To implement these new memory operations, or mops, we need to expose additional features from x64.

15.4 Exposing Heap Pointers in the Back-end

15.4.1 generate-x64

We start by exposing a generalized addr form in Paren-x64 v8 below, which will allow us to access arbitrary memory locations.

p	::=	(begin s ...)

s	::=	(set! loc triv)
	\|	(set! reg loc)
	\|	(set! reg_1 (binop reg_1 int32))
	\|	(set! reg_1 (binop reg_1 loc))
	\|	(define label s)
	\|	(jump trg)
	\|	(compare reg opand)
	\|	(jump-if cmp label)

trg	::=	reg
	\|	label

triv	::=	trg
	\|	int64

opand	::=	int64
	\|	reg

loc	::=	reg
	\|	addr

reg	::=	_...

addr	::=	(fbp + dispoffset)
	\|	(reg + int32)
	\|	(reg + reg)

binop	::=	*
	\|	+
	\|	-
	\|	bitwise-and
	\|	bitwise-ior
	\|	bitwise-xor
	\|	arithmetic-shift-right

cmp	::=	neq?
	\|	eq?
	\|	<
	\|	<=
	\|	>
	\|	>=

The language contains a new addr representing the x64 index-mode operand (reg + reg). This supports accessing a memory location by the index stored in another register. For example, in x64, we represent loading the nth element of an array into r10 using mov r10 [r11 + r12], where the base of the array is stored at r11 and the value of n is stored in r12.

The index-mode operand is not restricted to use a particular register, unlike the displacement-mode operand from Paren-x64 v7. We will use this feature to store pointers to structured data, and the register allocator will move those pointers into whichever registers it chooses.

We also allow a generalized form of displacement-mode operand. We can access the value of pointed to by base register reg at offset int32. by (reg + int32). This allows optimizing heap accesses when a constant offset is known, which is often the case for some data structures. The index is not restricted to be a multiple of 8, but it should be the case in our compiler that the value of the base plus the value of the offset is a multiple of 8.

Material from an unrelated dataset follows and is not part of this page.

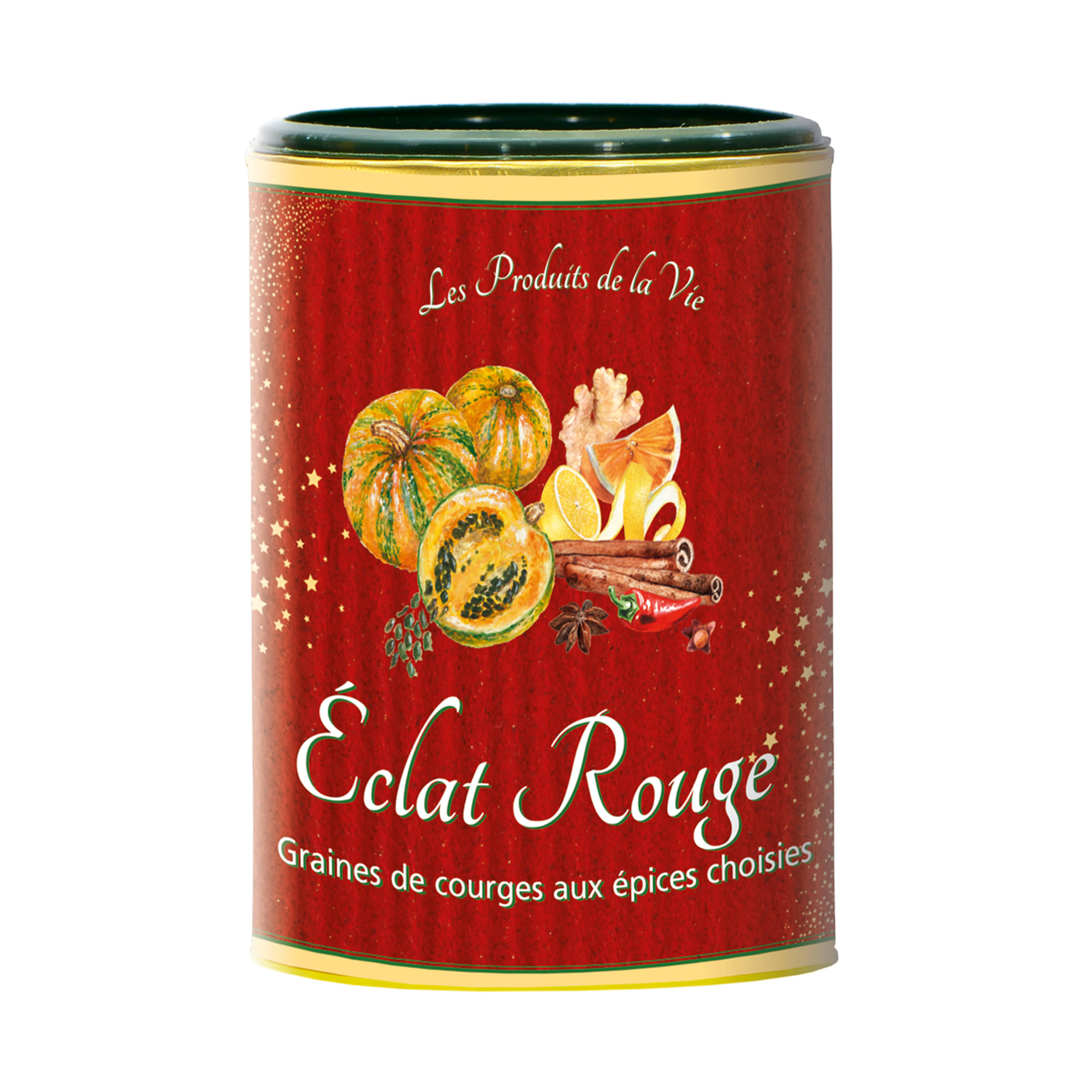 Graines de courge* 59%, sucre de canne* brut, épices* en proportion variable 2,6% (écorce d'orange*, écorce de citron*, cannelle*, clou de girofle*, anis étoilé*, noix de muscade*, cardamome*, gingembre*, piment*)

All languages with direct access to registers, including Paren-x64 v8, are now parameterized by a new register, current-heap-allocation-pointer-register (abbreviated hbp). The run-time system initializes this register to point to the base of the heap. Allocation is implemented by copying the current value of this pointer, and incrementing it by the number of bytes we wish to allocate. The pointer must only be incremented by word-size multiples of bytes. Any other access to this register is now undefined behavior, similar to accesses to fbp that do not obey the stack of frames discipline.

Design digression:
A real language implementation would expose access to the mmap system call for allocation, and implement a strategy (such as garbage collection) to deallocate memory that is no longer used. Garbage collection is tricky to implement and requires too much time for this course, so we use a different strategy. Our implementation of allocation is trivial, and does not support de-allocation. We rely on the operating system to clean up memory after our process exits.

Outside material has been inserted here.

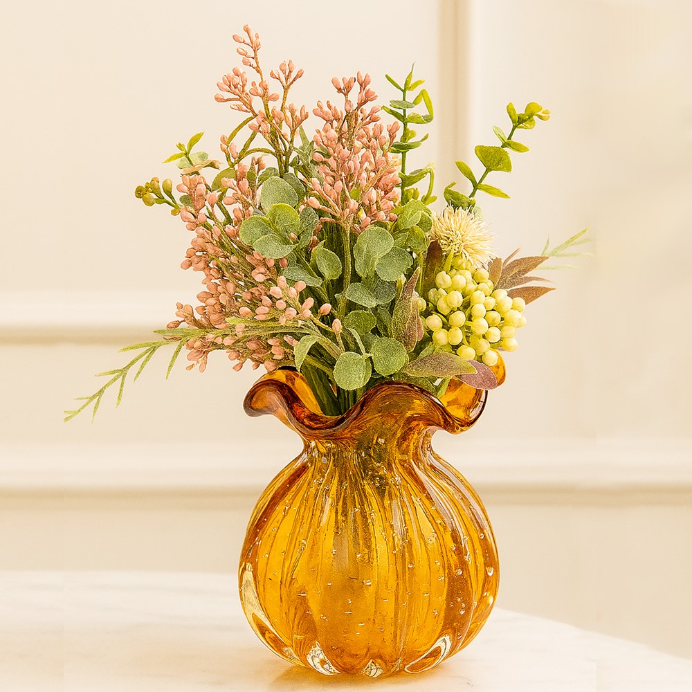 Vaso de Vidro Murano Flor Plantas Arranjos Âmbar Trouxinha 10x11cm Lemis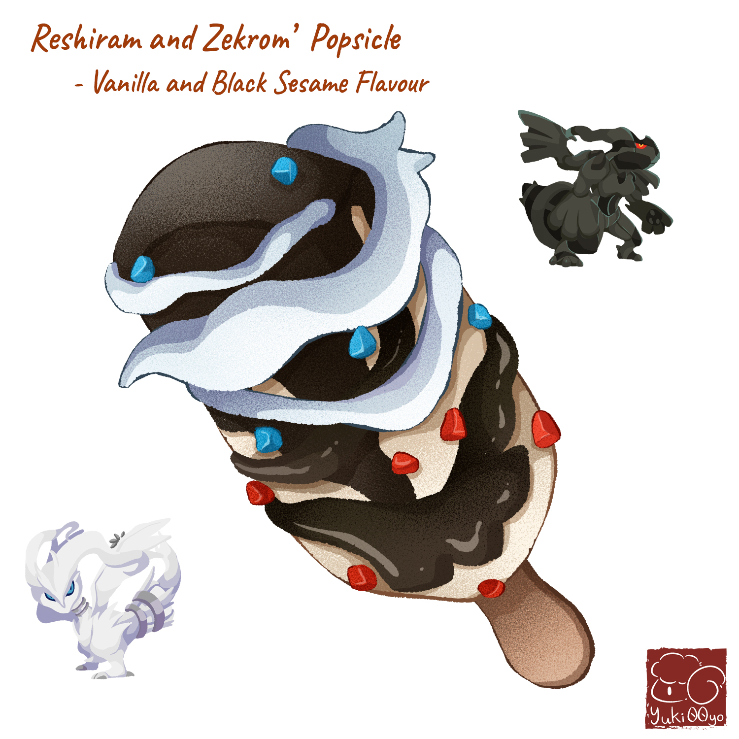 artist_logo artist_name character-themed_food character_name english_text food food_focus food_name gen_5_pokemon highres legendary_pokemon logo nintendo no_humans pokemon popsicle reshiram simple_background white_background yuki00yo zekrom

Exercise 1: Redesign and extend the implementation of generate-x64 to support index-mode operands. The source language is Paren-x64 v8, and output is a sequence of x64 instructions represented as a string.
This should be a one-line change if your compiler is well designed.

15.4.2 implement-mops

Like when we implemented fvars to support working with frame locations, we implement primitive memory operations, mops (pronounced em ops), to simplify working with heap addresses. We should do this before patch-instructions to avoid complicating the already complex logic for rewriting set! instructions.

Below, we define Paren-x64-mops v8.

p	::=	(begin s ...)

s	::=	(set! loc triv)
	\|	(set! reg loc)
	\|	(set! reg_1 (binop reg_1 int32))
	\|	(set! reg_1 (binop reg_1 loc))
	\|	(set! reg (mref reg index))
	\|	(mset! reg index triv)
	\|	(define label s)
	\|	(jump trg)
	\|	(compare reg opand)
	\|	(jump-if cmp label)

trg	::=	reg
	\|	label

triv	::=	trg
	\|	int64

opand	::=	int64
	\|	reg

loc	::=	reg
	\|	addr

index	::=	int32
	\|	reg

addr	::=	(fbp + dispoffset)
	\|	(reg + reg)

reg	::=	_...

binop	::=	_...

cmp	::=	_...

We add two new instructions that directly map to operations on heap addresses, either as index- or displacement-mode operands.

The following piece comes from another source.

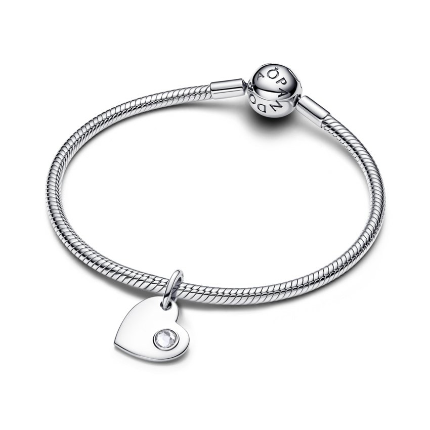 Κρεμαστό σύμβολο ασ. 925 με λευκή κυβική ζιρκόνια, χαρασσόμενη καρδιά

We could encode an addr using an mref, but the rest of our compiler already knows about addrs, and it represents a semantically different concept, so we leave it alone..

Exercise 2: Design and implement implement-mops. The source language is Paren-x64-mops v8 and the target is Paren-x64 v8. This should be a very simple compiler.

15.4.3 patch-instructions

Next we design Paren-asm v8. Below, we give a definition. However, your design may differ slightly since you’ve been responsible for the design of Paren-asm v6 and Paren-asm v7.

p	::=	(begin s ...)

s	::=	(set! loc triv)
	\|	(set! loc (binop loc opand))
	\|	(set! loc (mref loc index))
	\|	(mset! loc index triv)
	\|	(define label s)
	\|	(jump trg)
	\|	(compare loc opand)
	\|	(jump-if cmp label)

triv	::=	opand
	\|	label

opand	::=	int64
	\|	loc

trg	::=	label
	\|	loc

loc	::=	reg
	\|	addr

addr	::=	(fbp + dispoffset)

index	::=	int32
	\|	loc

binop	::=	_...

reg	::=	_...

cmp	::=	_...

By introducing mops, we implicitly restrict how heap addresses appear in the language and simplify the job of patch-instructions. The mops implicitly restrict heap addresses to being part of a move instruction, so we do not have to patch binary operation instructions despite apparently adding a new form of physical location. By making them separate forms, we only need to patch the new instructions, and leave old code untouched.

Exercise 3: Redesign and extend the implementation of patch-instructions. The source language is Paren-asm v8 and the target language is Paren-x64-mops v8.
You only need to add two cases, and you can write them very systematically, but they will take care to get right and cover all combinations.

15.4.4 Exposing mops up the pipeline

The new mops require minor changes to most of the pipeline up to Block-lang v8, where we will use them to implement data structures.

Exercise 4: Redesign and extend the implementation of
flatten-program, should require no changes
expose-basic-blocks, should require no changes
implement-fvars, should require minor changes to support mops. Note that we assume the fbp is not modified by mops.
replace-locations, should require minor changes to support mops.
discard-call-live, should require no changes.
assign-frame-variables, should require no changes.
assign-registers, should require no changes.
assign-frames, should require no changes.
pre-assign-frame-variables, should require no changes.
conflict-analysis, should require minor changes. Note that mops do not assign any registers or frame variables.
undead-analysis, should require minor changes. Note that mops do not assign any registers or frame variables.
uncover-locals, should require minor changes.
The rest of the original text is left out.